Recorded information>

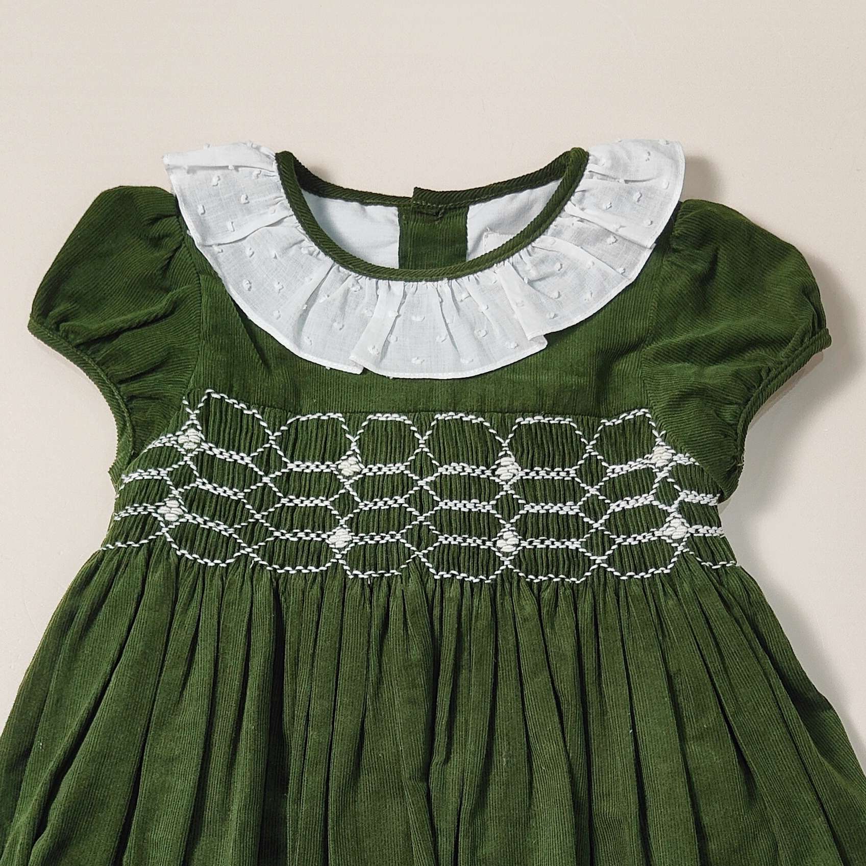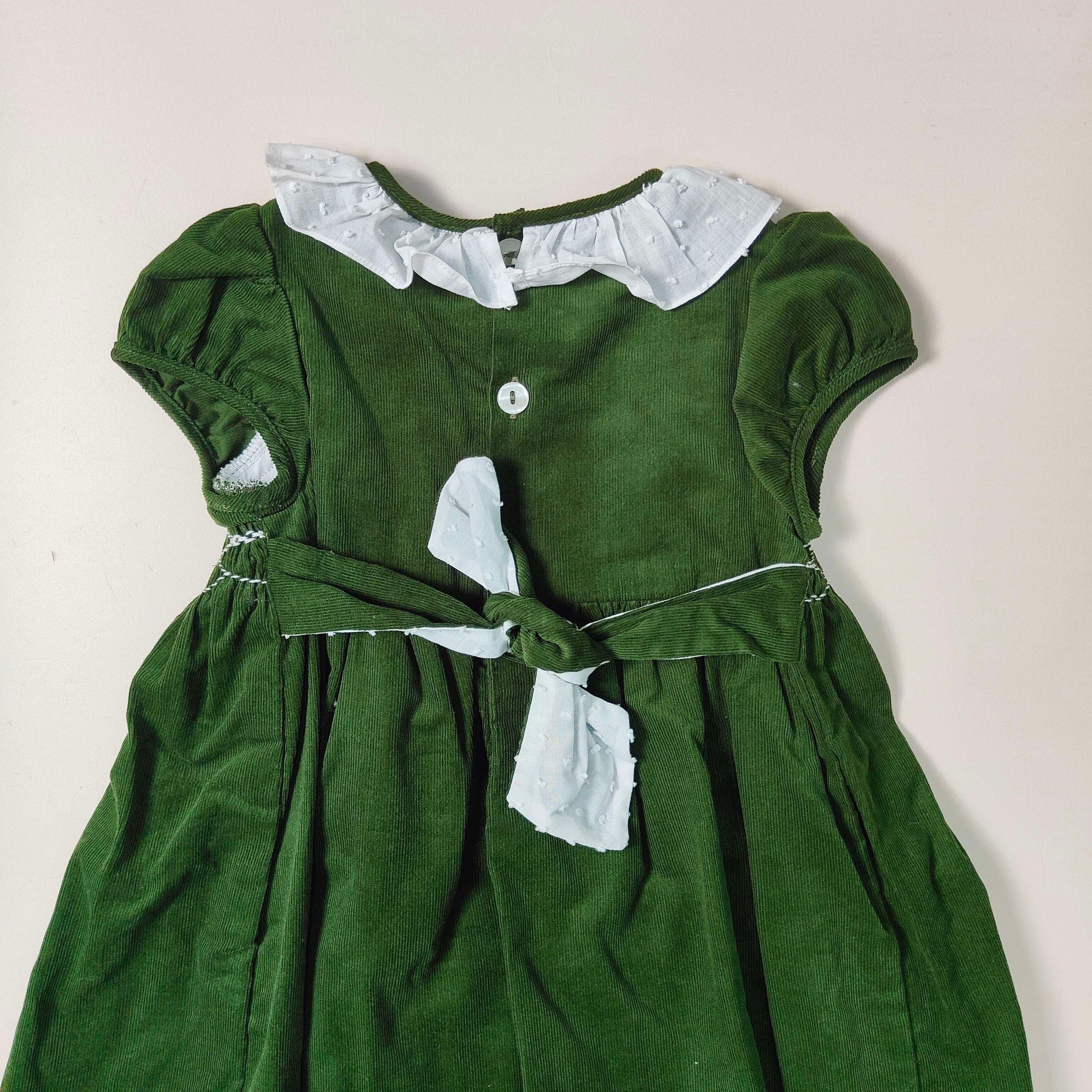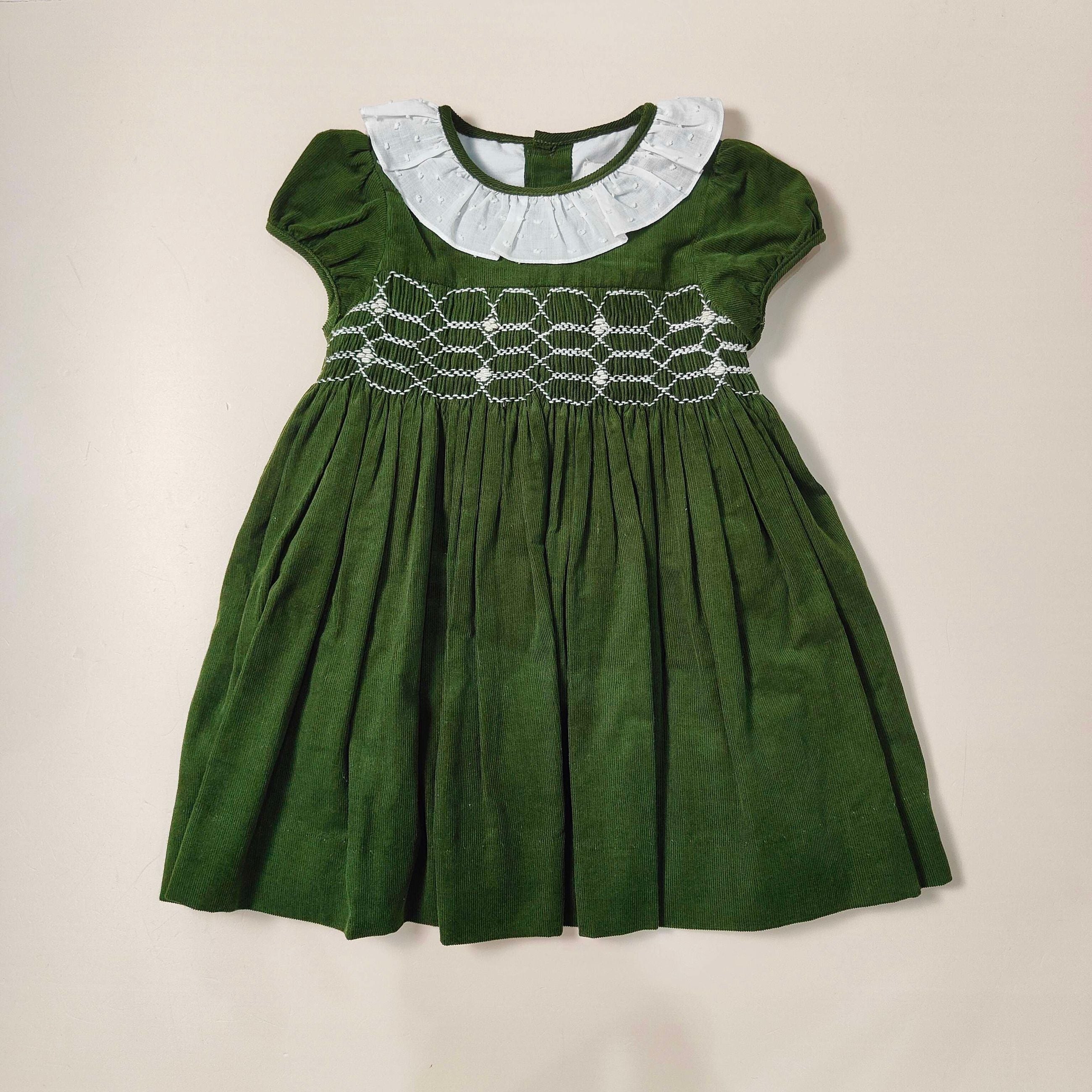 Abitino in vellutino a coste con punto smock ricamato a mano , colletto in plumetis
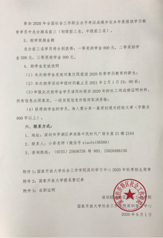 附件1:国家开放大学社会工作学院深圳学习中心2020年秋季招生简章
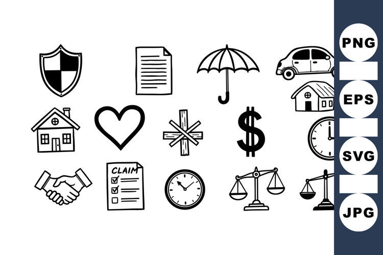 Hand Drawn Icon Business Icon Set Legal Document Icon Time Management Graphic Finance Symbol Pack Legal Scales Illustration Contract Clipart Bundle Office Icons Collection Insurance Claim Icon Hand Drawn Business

What you have to do> Nothing but the lines from the beginning of the material above through the line containing "附件1:国家开放大学社会工作学院深圳学习中心2020年秋季招生简章" should appear in the answer, copied exactly and free of pictures.

Answer section>
 Abitino in vellutino a coste con punto smock ricamato a mano , colletto in plumetis
 附件1:国家开放大学社会工作学院深圳学习中心2020年秋季招生简章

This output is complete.